Rickey’s shaken faith made him eager to connect with Christians who shared his approach to religion. In a letter to a friend a few months later, Rickey recounted it all: the lunch with Bishop Wicke, the letter he wrote but never sent, the distrust he felt for denominational leaders. “If I were ‘testifying’ in an old-time Methodist class meeting,” he reported, “I would close my remarks surely,—‘pray for me, my Christian friends, pray for me,’—and I would really mean it.”
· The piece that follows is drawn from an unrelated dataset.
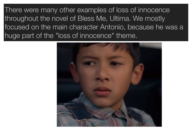 There were many other examples of loss of innocence throughout the novel of Bless Me, Ultima. We mostly focused on the main character Antonio, because he was a huge part of the "loss of innocence" theme.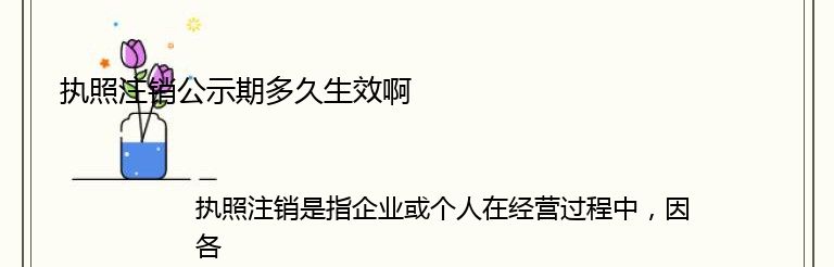 那么,执照注销公示期多久生效呢?一般来说,执照注销公示期的时间是由相关部门根据实际情况来确定的。在中国,执照注销公示期的时间一般为45天,也就是说,企业或个人提交执照注销申请后,需要等待45天的公示期结束后,才能正式注销营业执照。

Don McClanen knew nothing about this in April 1954 when he announced his FCA idea with a letter sent out to 20 prominent Christian athletes and coaches across America, including Rickey. The goal, McClanen explained in the letter, was to “provide an opportunity” for athletes and coaches “to speak and witness for Christ and the wholesome principles of good character and clean living to the youth of our nation.”
McClanen followed his letter with a summer road trip where he could make his pitch in person. In August, just before returning to Oklahoma, he met with Rickey in Pittsburgh. What was supposed to be a short conversation stretched for hours, ending with Rickey’s enthusiastic endorsement and support.
McClanen had the key leader he needed to provide respectability and legitimacy to his upstart organization. Rickey had renewed hope for the future.
By gathering Christian athletes under one banner, the founding of the FCA marked the beginning of a new era and the launch of a movement—the rise of a religious sports subculture that would come to define and shape what it meant to be a “Christian athlete” in the decades to come.
That subculture, in turn, was deeply shaped by the twin desires that motivated Rickey: finding an authentic faith that could speak to the everyday experiences of athletes and coaches, and connecting that faith with the destiny and direction of the American nation.
Paul Emory Putz is director of Truett Seminary’s Faith & Sports Institute at Baylor University. This essay is adapted from his book, The Spirit of the Game: American Christianity and Big-Time Sports (Oxford University Press).